→ INPUT FOR THIS TASK
______

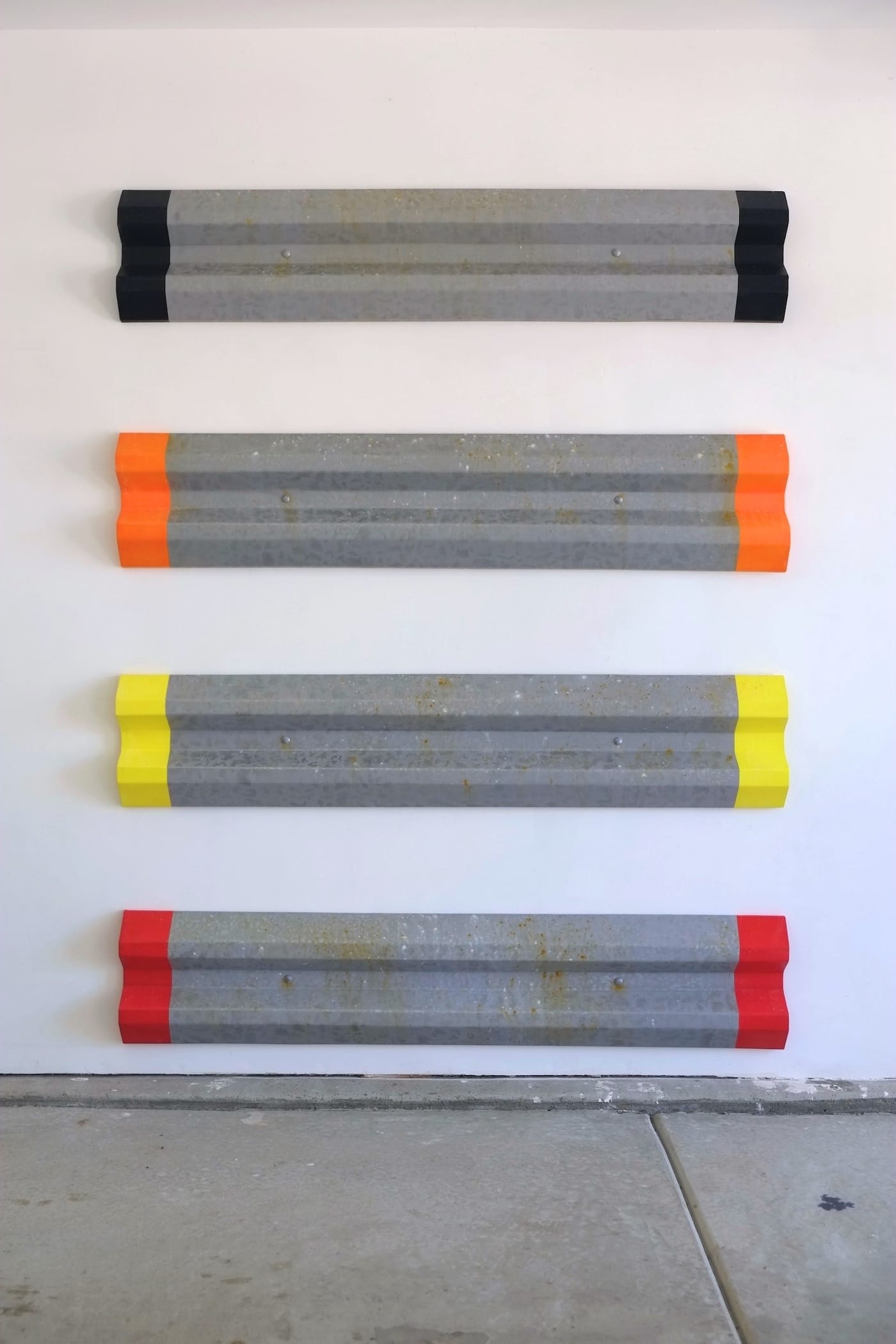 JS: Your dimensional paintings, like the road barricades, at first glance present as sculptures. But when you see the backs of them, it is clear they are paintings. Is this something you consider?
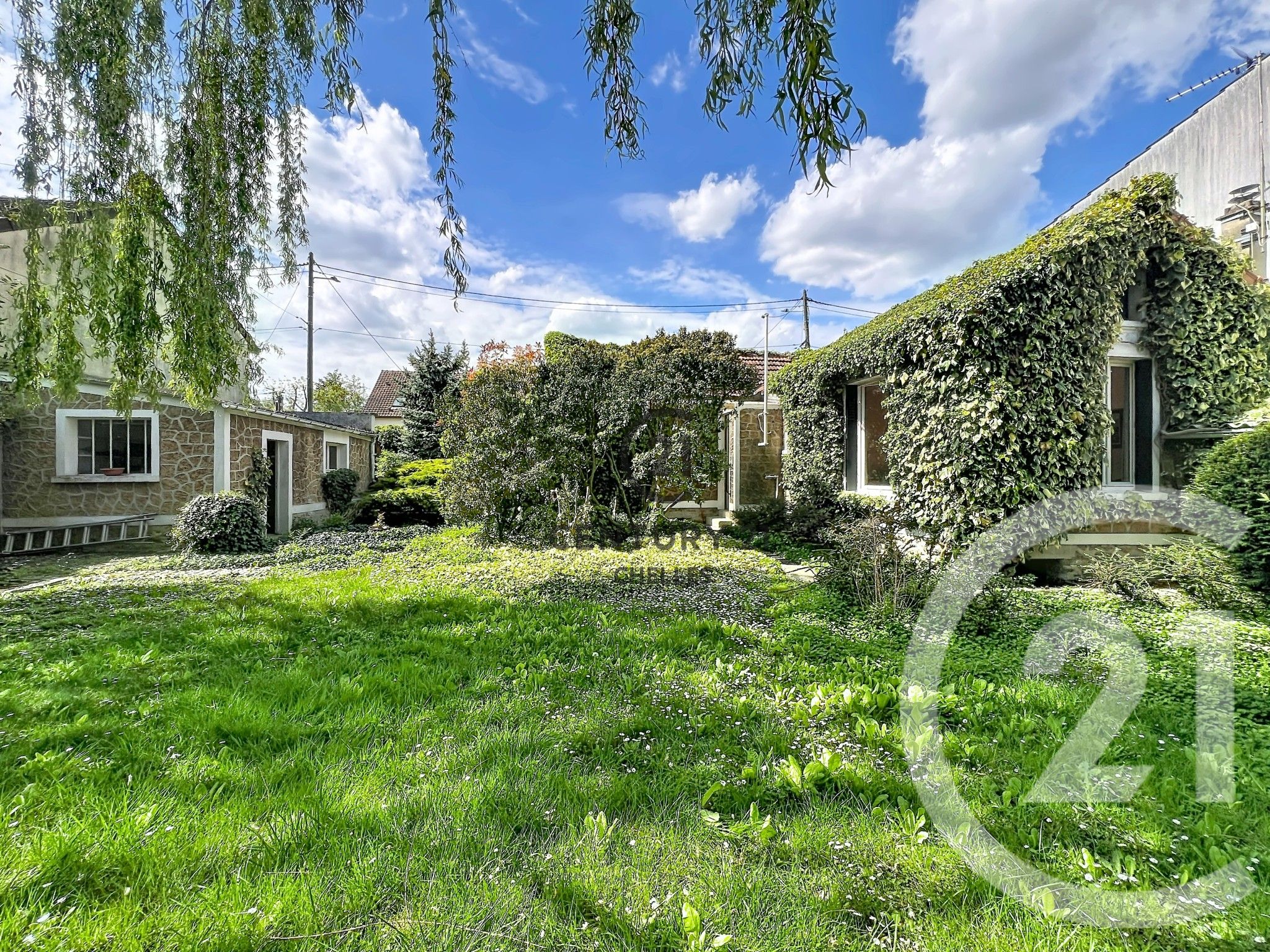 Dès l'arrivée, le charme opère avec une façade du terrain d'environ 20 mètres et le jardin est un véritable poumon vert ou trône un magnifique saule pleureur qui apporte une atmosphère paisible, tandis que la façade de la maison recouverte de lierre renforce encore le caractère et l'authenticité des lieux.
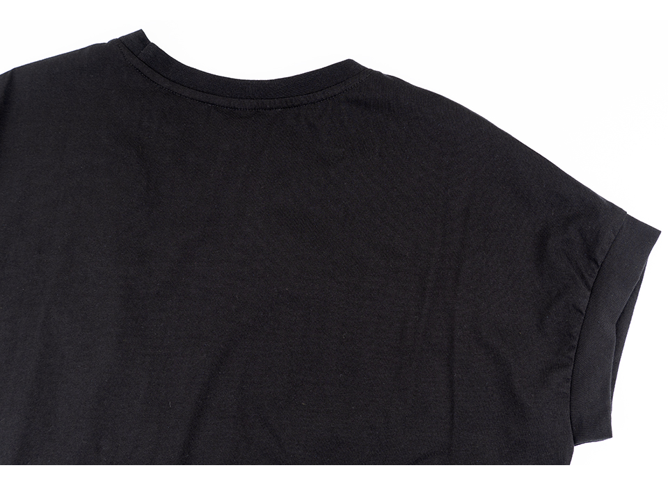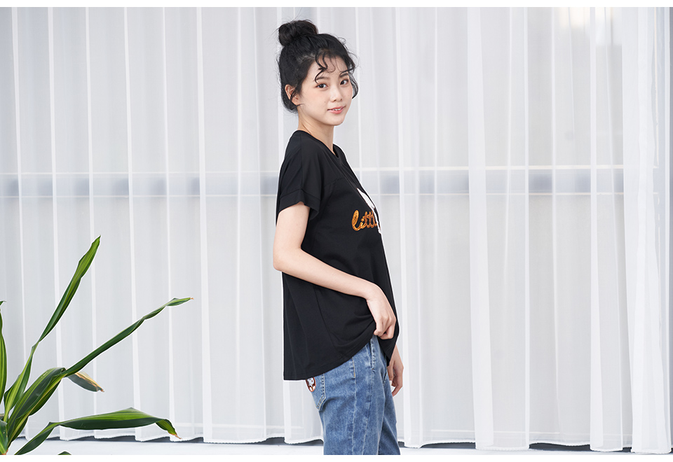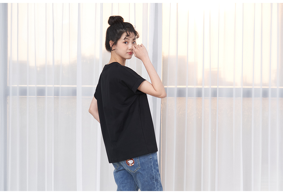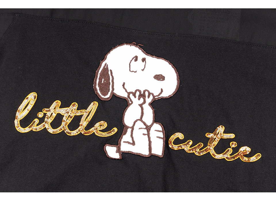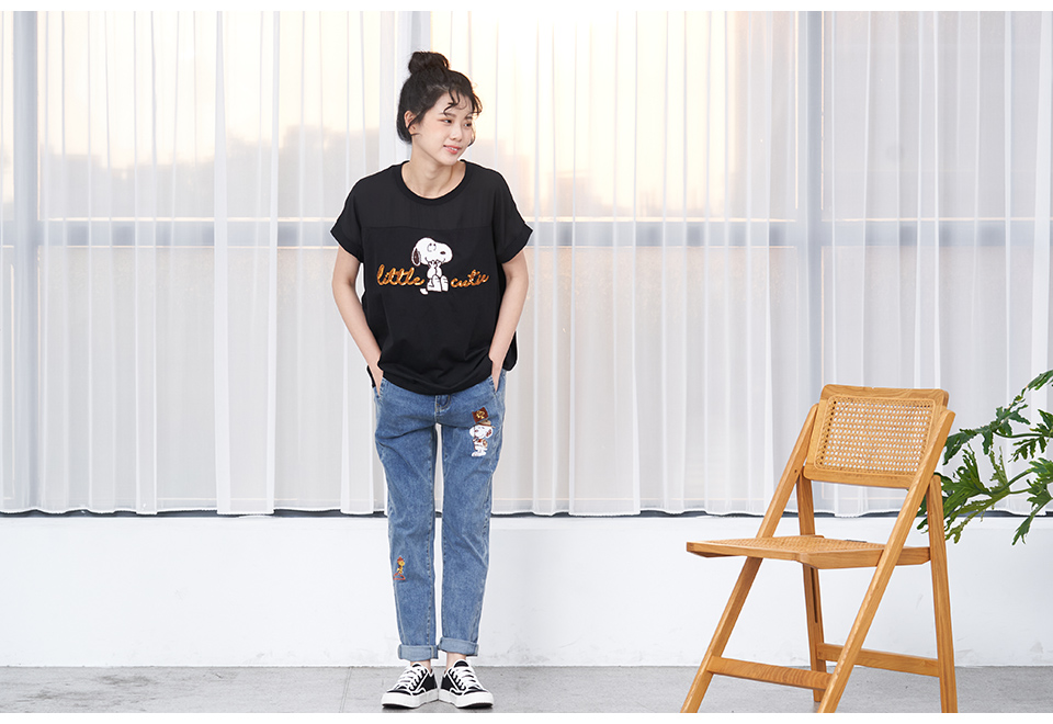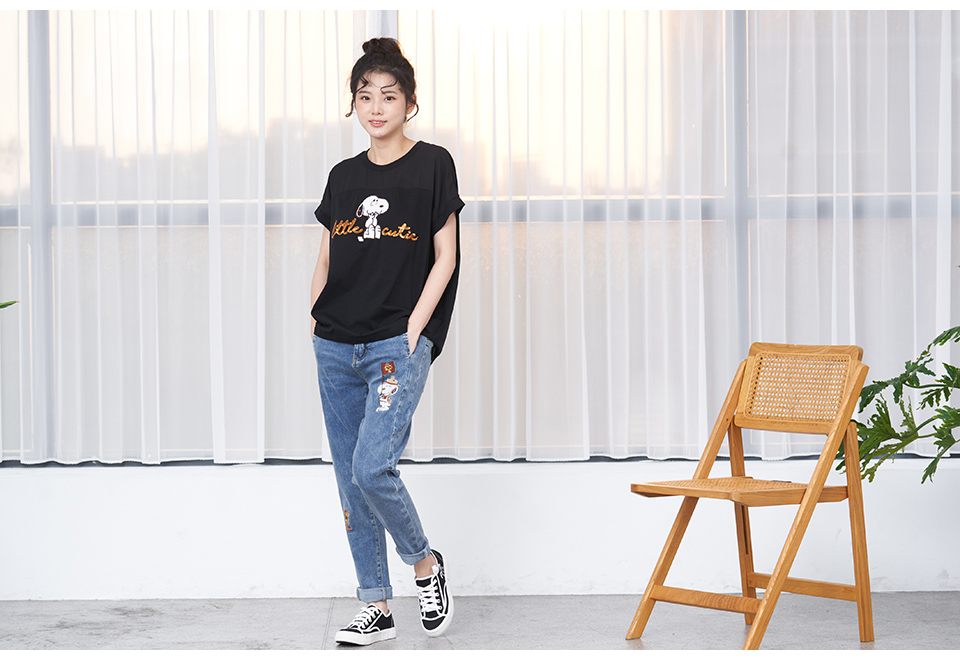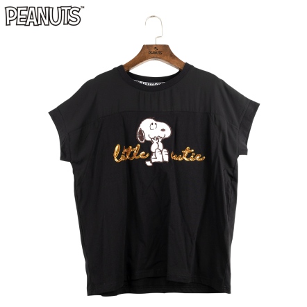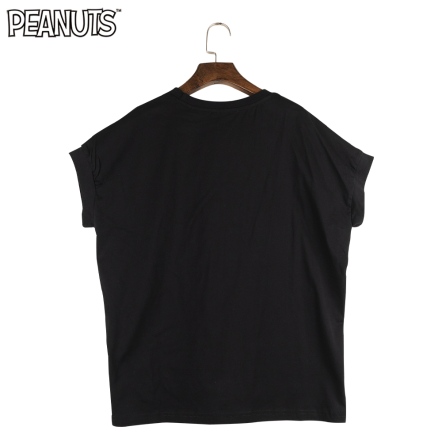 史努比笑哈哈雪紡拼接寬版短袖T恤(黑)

______

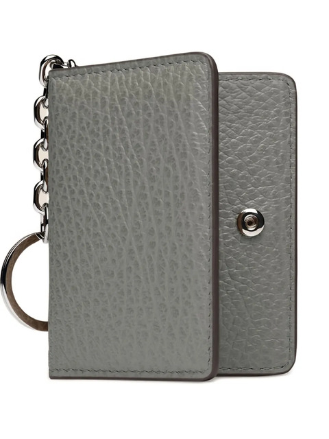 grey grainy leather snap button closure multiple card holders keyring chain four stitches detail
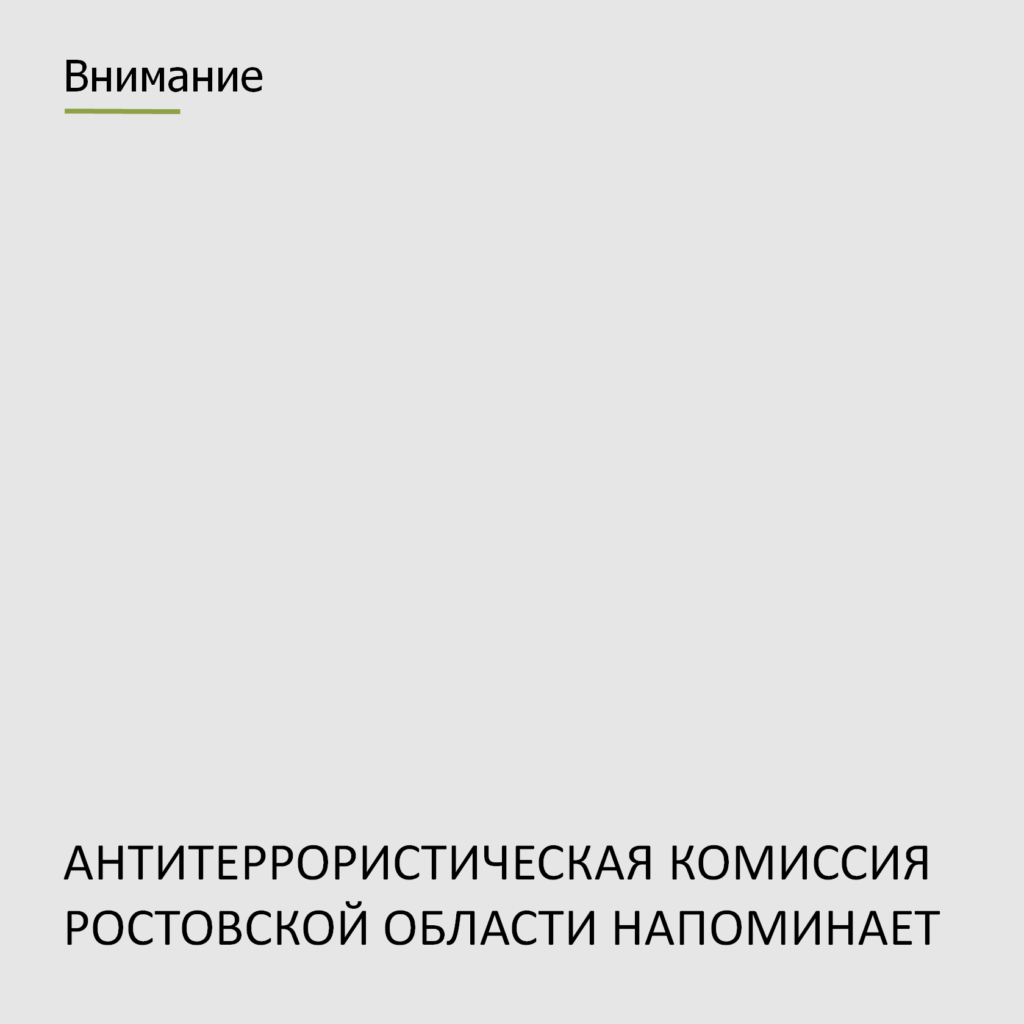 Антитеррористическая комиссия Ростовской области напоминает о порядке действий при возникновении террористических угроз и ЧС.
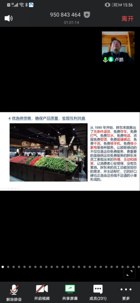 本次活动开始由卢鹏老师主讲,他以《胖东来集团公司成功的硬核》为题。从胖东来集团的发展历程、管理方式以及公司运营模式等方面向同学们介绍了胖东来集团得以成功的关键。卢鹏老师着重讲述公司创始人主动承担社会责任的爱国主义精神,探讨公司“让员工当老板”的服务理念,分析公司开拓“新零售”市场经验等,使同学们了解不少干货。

______

→ WHAT THE TASK REQUIRES
Quote the lines above exactly, starting with the one that has "JS: Your dimensional" and ending with the one that has "史努比笑哈哈雪紡拼接寬版短袖T恤(黑)"; drop the pictures and include nothing else.

→ SOLUTION TO THE PROBLEM
 JS: Your dimensional paintings, like the road barricades, at first glance present as sculptures. But when you see the backs of them, it is clear they are paintings. Is this something you consider?
 Dès l'arrivée, le charme opère avec une façade du terrain d'environ 20 mètres et le jardin est un véritable poumon vert ou trône un magnifique saule pleureur qui apporte une atmosphère paisible, tandis que la façade de la maison recouverte de lierre renforce encore le caractère et l'authenticité des lieux.
 史努比笑哈哈雪紡拼接寬版短袖T恤(黑)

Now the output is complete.